Retraction Watch estimates close to 400 papers were retracted in 2011. A couple comments came up with retraction numbers below 100 for the year:

Thanks so much for providing this valuable service. Of interest, a PubMed search for “Retracted Publication” or “Retraction of Publication” for 2011 yields only 35 papers. So if you and your colleagues weren’t on the job, we’d be missing out on ~1 in 12 of these papers!

Pat French

“Retraction notice” gives 63 hits. Still, the problem is exactly that it is not clear how to retrieve all the retractions, which may well be in the PubMed database. There should be a standard tag!

Jon Beckmann

We think that retractions are important pieces of scientific information. Unlike a Friday night bar conversation where you make the claim that the Buffalo Bills won the Superbowl back in 1995, the accuracy of claims made in science matters. When the folks at Nature faced the prevalence of chicanery taking place in big science labs and big science journals they concluded:
these days image detection software and the vigilance of media outlets such as Retraction Watch can catch irregularities—be they due to innocent error or misconduct—much sooner. The ability to track these changes provides benefits to biomedicine, as experiments in the scientific literature lay the foundation for future experiments.

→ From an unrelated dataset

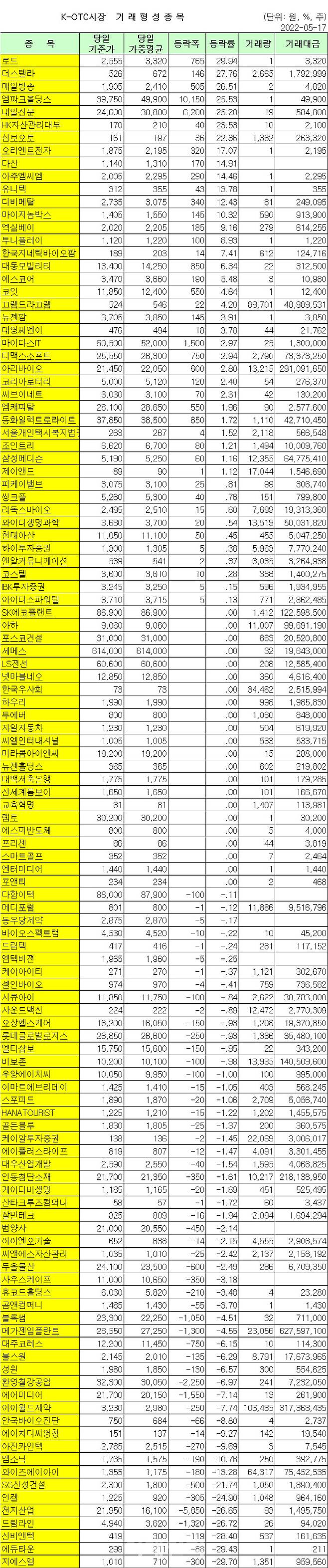 [이데일리 유준하 기자] 다음은 5월17일 K-OTC 시장 거래 현황이다.

The peer review process employed by science journals is the opposite of the scientific method. Peer reviewers don't repeat any experiments thus their judgments are not empirical. Peers have a bias that is not eliminated by the process. The authors and their organizations carry with them a cache that brings with it bias that is also not eliminated. The science isn't the only thing being evaluated. In a perfect world a journal would publish articles and offer only minimal interference into what the authors intend to say. Once published the true peers can evaluate the paper and agree or disagree with it. Scientists after all, are the peers.

The question that peer reviewed journals have to wrestle with is whether or not Retraction Watch is their friend or enemy. With over 1.5 million hits online Retraction Watch is clearly popular among scientists. Who else would read about retractions? It appears that the demand is there for more information. Transparency is our friend.

1 comment:

Unknown said...

Re pubmed statistics – my advice as a retired librarian:

1) READ THE Pubmed Entrez HELP! Great manuals...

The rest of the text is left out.